Exercise goal: Repeat only these lines, exactly: the first line of the data, the line containing "Raffles 2 Coffee Tables 系列尺寸/示意图", and every line between them. Pictures stay out.

Data for this task:
------------------------------------------------------------------------

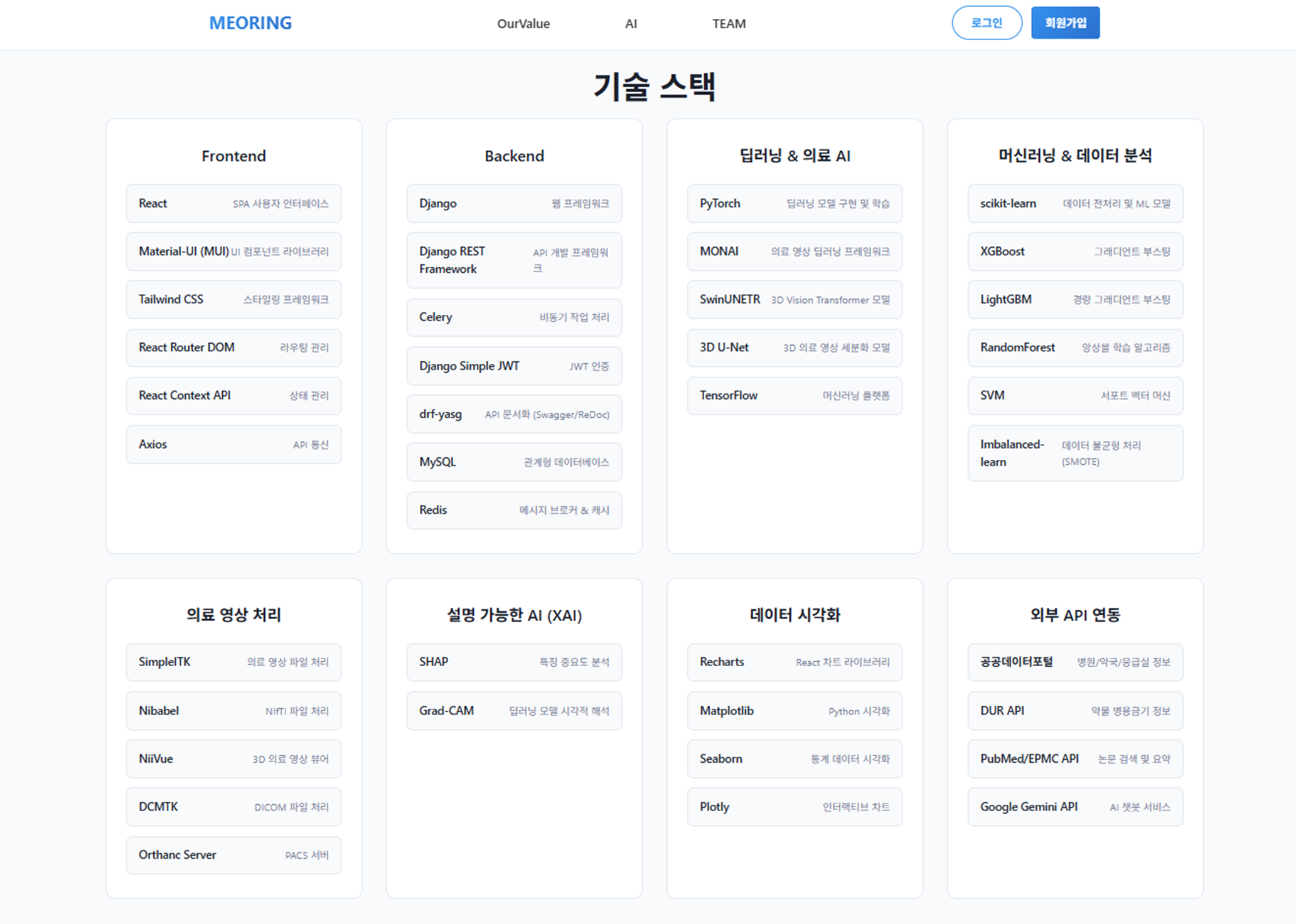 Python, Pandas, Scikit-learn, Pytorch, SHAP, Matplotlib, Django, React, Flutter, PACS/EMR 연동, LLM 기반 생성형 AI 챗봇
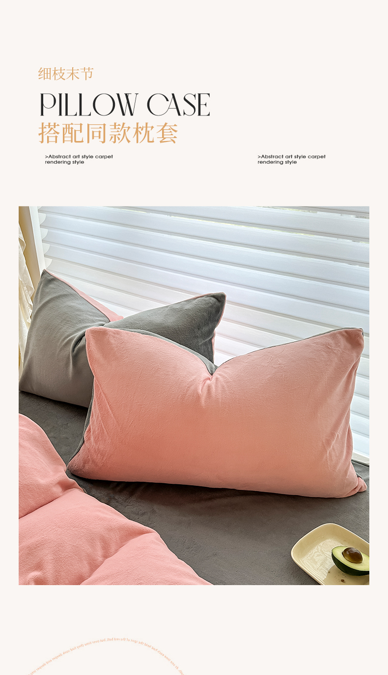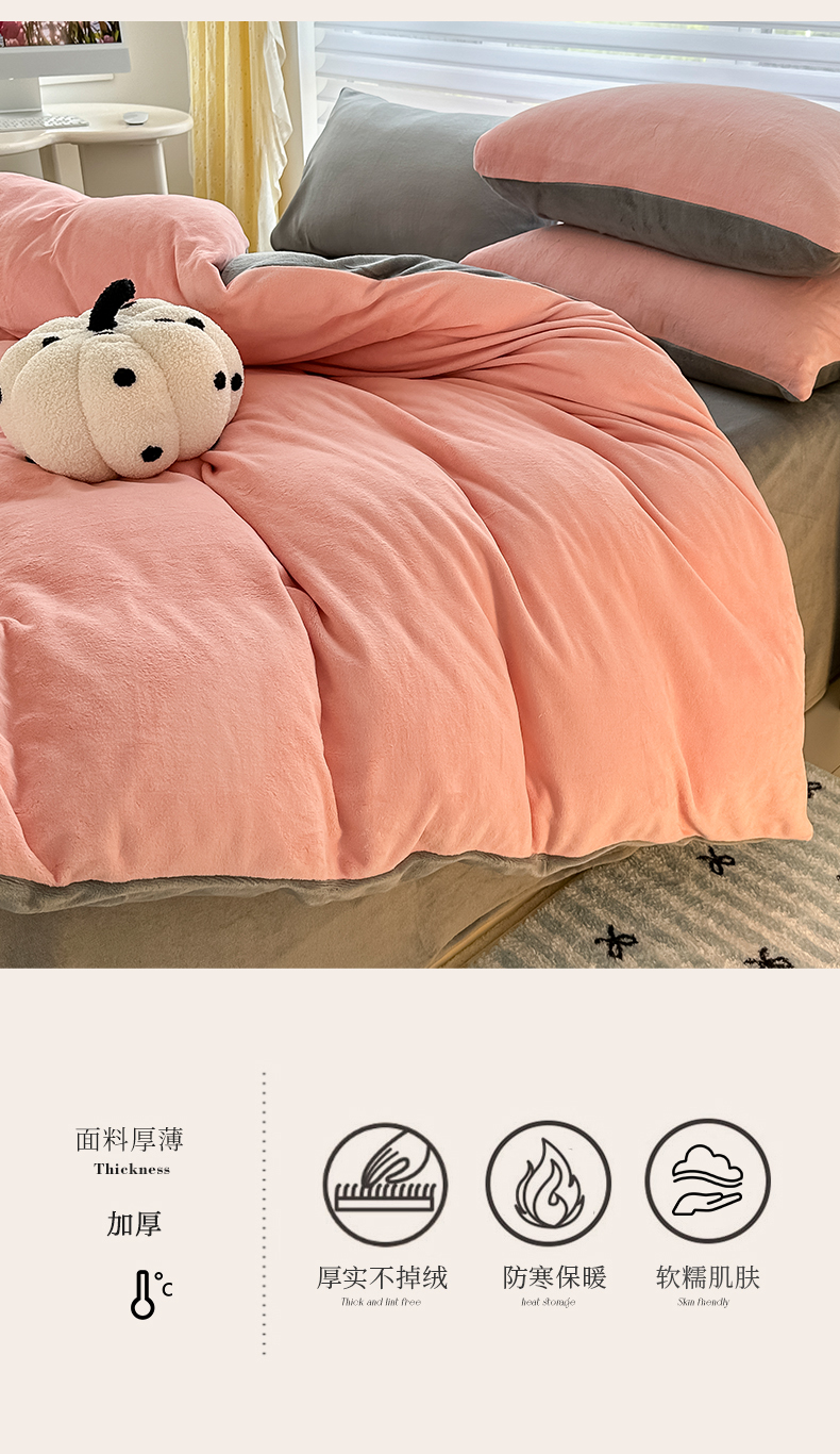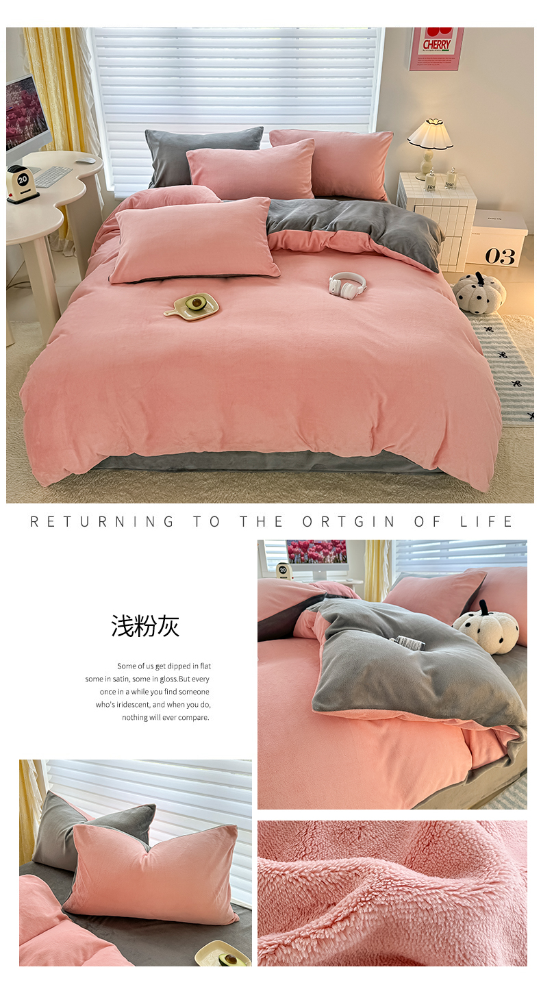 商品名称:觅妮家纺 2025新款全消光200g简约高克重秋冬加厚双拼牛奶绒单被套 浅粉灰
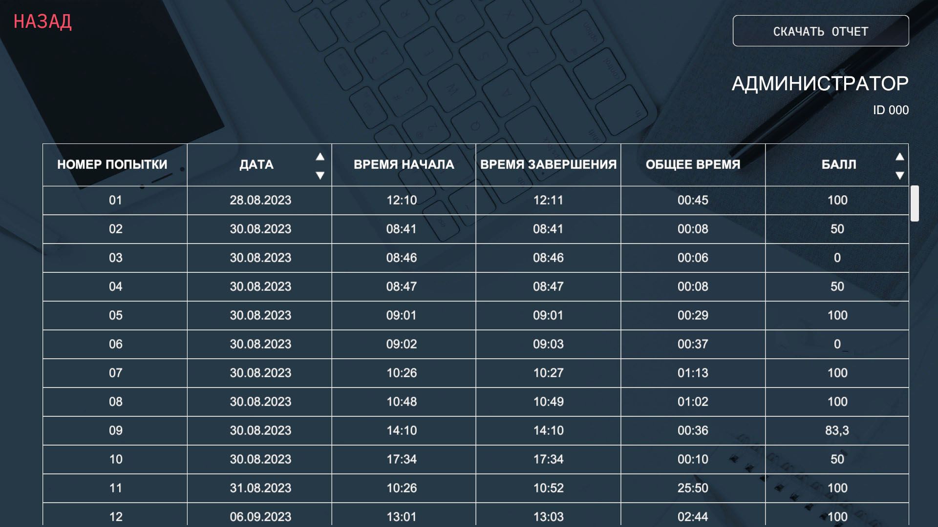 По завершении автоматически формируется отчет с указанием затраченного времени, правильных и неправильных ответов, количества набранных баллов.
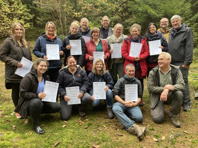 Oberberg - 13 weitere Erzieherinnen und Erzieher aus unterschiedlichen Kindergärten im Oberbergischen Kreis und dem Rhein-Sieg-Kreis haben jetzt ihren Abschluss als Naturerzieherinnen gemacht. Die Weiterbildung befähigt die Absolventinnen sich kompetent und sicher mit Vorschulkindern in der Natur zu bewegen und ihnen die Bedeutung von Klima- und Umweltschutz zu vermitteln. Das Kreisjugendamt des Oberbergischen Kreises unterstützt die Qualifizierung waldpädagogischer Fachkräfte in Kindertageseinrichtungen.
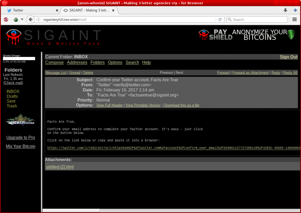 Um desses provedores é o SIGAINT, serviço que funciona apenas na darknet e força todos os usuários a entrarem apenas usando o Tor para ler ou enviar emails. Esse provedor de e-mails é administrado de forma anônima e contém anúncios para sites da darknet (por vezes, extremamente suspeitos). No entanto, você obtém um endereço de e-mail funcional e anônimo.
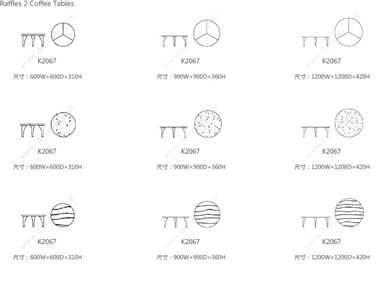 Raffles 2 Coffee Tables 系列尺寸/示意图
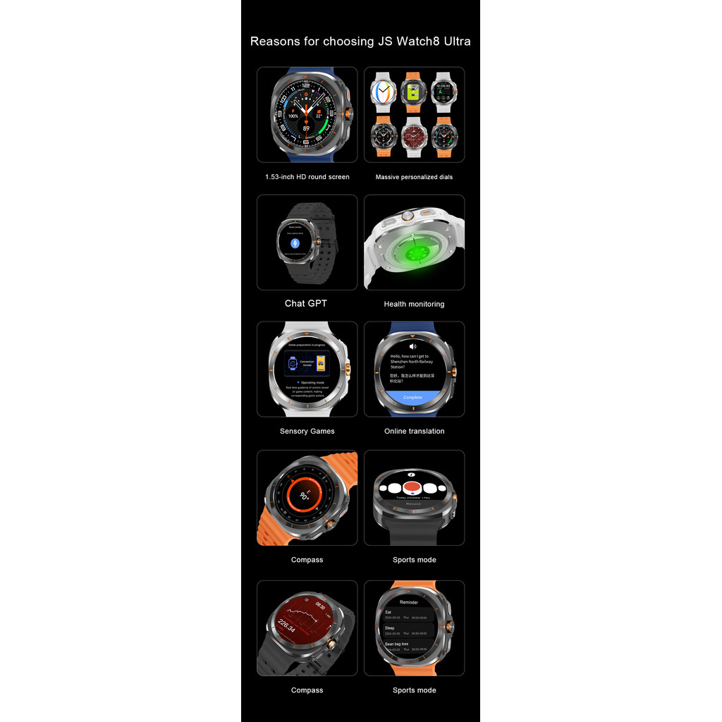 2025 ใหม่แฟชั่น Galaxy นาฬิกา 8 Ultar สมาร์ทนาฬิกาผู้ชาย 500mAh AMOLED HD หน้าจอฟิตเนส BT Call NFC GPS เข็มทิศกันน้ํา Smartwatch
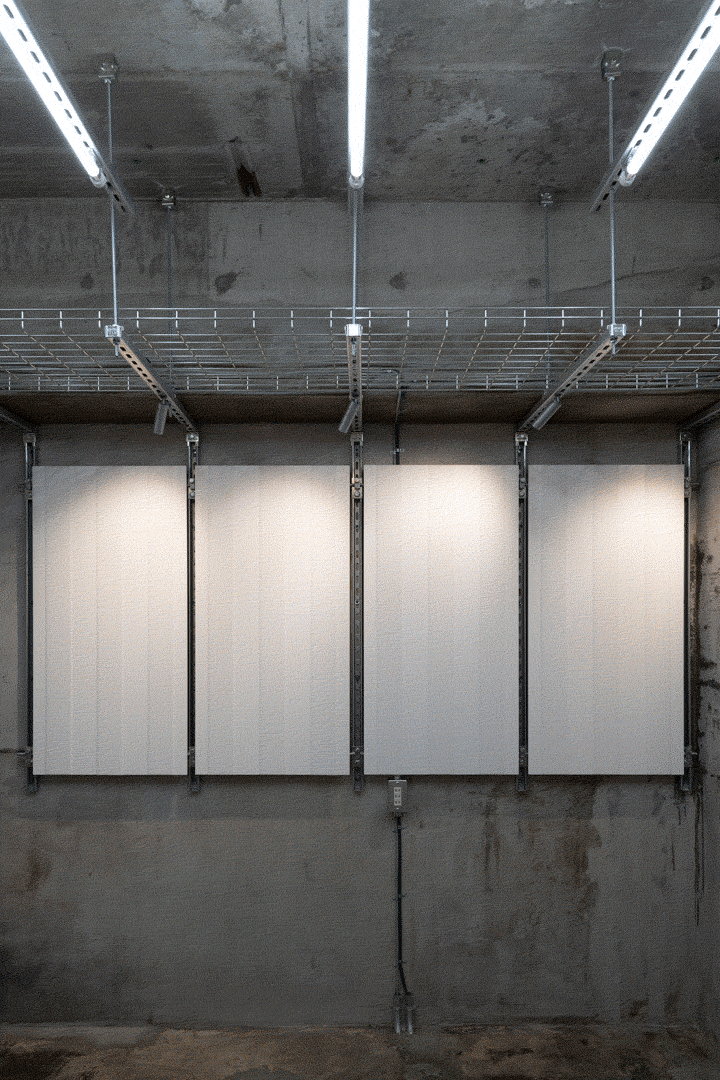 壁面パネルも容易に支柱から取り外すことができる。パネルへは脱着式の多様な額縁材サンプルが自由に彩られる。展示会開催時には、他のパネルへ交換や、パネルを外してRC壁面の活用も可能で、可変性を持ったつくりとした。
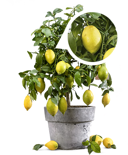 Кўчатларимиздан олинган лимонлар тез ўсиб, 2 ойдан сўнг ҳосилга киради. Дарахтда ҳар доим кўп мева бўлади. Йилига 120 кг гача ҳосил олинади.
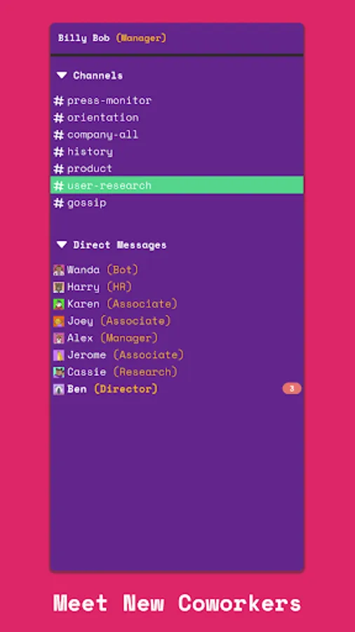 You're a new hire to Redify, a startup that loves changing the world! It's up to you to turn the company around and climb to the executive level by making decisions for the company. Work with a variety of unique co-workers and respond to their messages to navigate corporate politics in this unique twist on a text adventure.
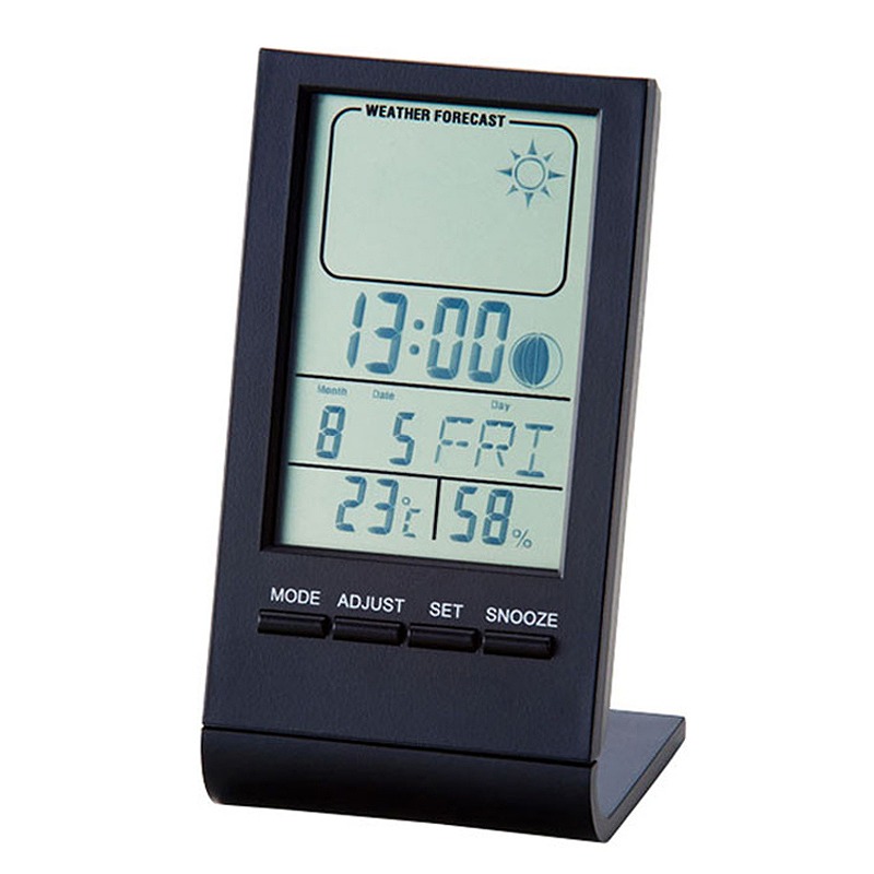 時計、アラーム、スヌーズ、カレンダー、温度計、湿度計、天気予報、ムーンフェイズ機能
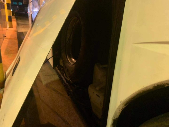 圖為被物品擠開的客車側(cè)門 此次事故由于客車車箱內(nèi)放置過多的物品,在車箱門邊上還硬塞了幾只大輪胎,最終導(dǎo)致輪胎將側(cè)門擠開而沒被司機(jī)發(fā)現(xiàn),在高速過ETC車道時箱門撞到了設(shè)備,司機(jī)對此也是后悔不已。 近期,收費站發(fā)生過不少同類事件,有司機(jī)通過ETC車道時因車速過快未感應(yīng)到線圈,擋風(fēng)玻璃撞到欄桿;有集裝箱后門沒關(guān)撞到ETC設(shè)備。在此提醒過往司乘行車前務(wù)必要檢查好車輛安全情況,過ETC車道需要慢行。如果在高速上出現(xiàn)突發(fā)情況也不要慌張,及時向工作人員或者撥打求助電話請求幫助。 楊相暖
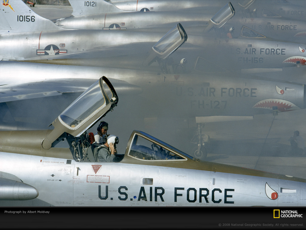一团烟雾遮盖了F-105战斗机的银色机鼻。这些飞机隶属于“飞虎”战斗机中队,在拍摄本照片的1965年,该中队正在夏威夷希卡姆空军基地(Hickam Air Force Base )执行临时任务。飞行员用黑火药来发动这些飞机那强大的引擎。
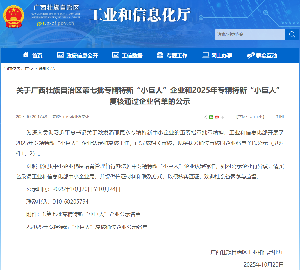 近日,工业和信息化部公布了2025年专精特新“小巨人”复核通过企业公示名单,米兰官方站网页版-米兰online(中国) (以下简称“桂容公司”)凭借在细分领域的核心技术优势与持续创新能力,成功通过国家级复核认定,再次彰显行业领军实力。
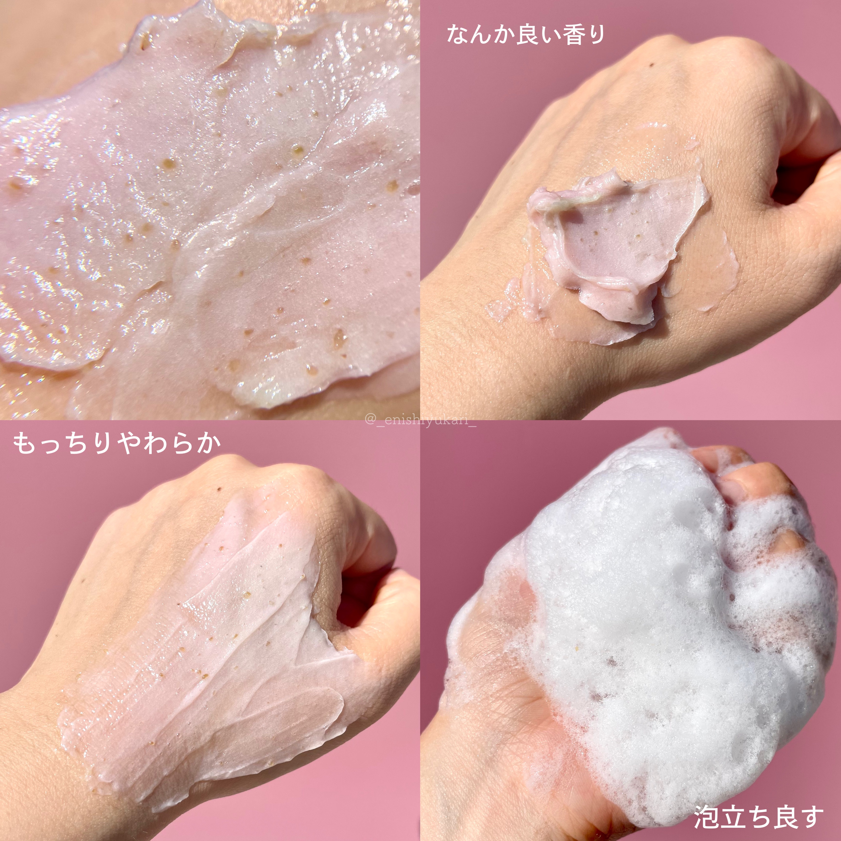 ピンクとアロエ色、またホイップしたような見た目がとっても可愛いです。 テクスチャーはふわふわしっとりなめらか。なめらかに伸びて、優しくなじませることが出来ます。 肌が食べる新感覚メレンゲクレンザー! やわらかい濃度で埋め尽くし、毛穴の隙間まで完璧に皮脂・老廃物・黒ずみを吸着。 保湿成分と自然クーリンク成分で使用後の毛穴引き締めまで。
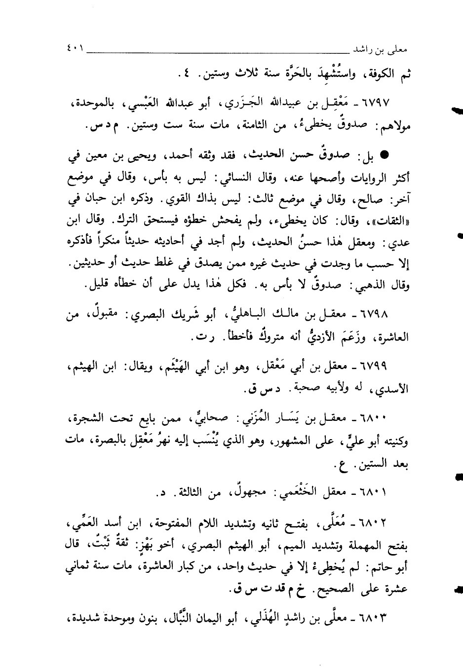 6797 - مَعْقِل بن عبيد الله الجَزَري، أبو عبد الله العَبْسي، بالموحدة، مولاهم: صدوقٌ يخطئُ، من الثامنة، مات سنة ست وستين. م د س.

------------------------------------------------------------------------

Solved problem:
 Python, Pandas, Scikit-learn, Pytorch, SHAP, Matplotlib, Django, React, Flutter, PACS/EMR 연동, LLM 기반 생성형 AI 챗봇
 商品名称:觅妮家纺 2025新款全消光200g简约高克重秋冬加厚双拼牛奶绒单被套 浅粉灰
 По завершении автоматически формируется отчет с указанием затраченного времени, правильных и неправильных ответов, количества набранных баллов.
 Oberberg - 13 weitere Erzieherinnen und Erzieher aus unterschiedlichen Kindergärten im Oberbergischen Kreis und dem Rhein-Sieg-Kreis haben jetzt ihren Abschluss als Naturerzieherinnen gemacht. Die Weiterbildung befähigt die Absolventinnen sich kompetent und sicher mit Vorschulkindern in der Natur zu bewegen und ihnen die Bedeutung von Klima- und Umweltschutz zu vermitteln. Das Kreisjugendamt des Oberbergischen Kreises unterstützt die Qualifizierung waldpädagogischer Fachkräfte in Kindertageseinrichtungen.
 Um desses provedores é o SIGAINT, serviço que funciona apenas na darknet e força todos os usuários a entrarem apenas usando o Tor para ler ou enviar emails. Esse provedor de e-mails é administrado de forma anônima e contém anúncios para sites da darknet (por vezes, extremamente suspeitos). No entanto, você obtém um endereço de e-mail funcional e anônimo.
 Raffles 2 Coffee Tables 系列尺寸/示意图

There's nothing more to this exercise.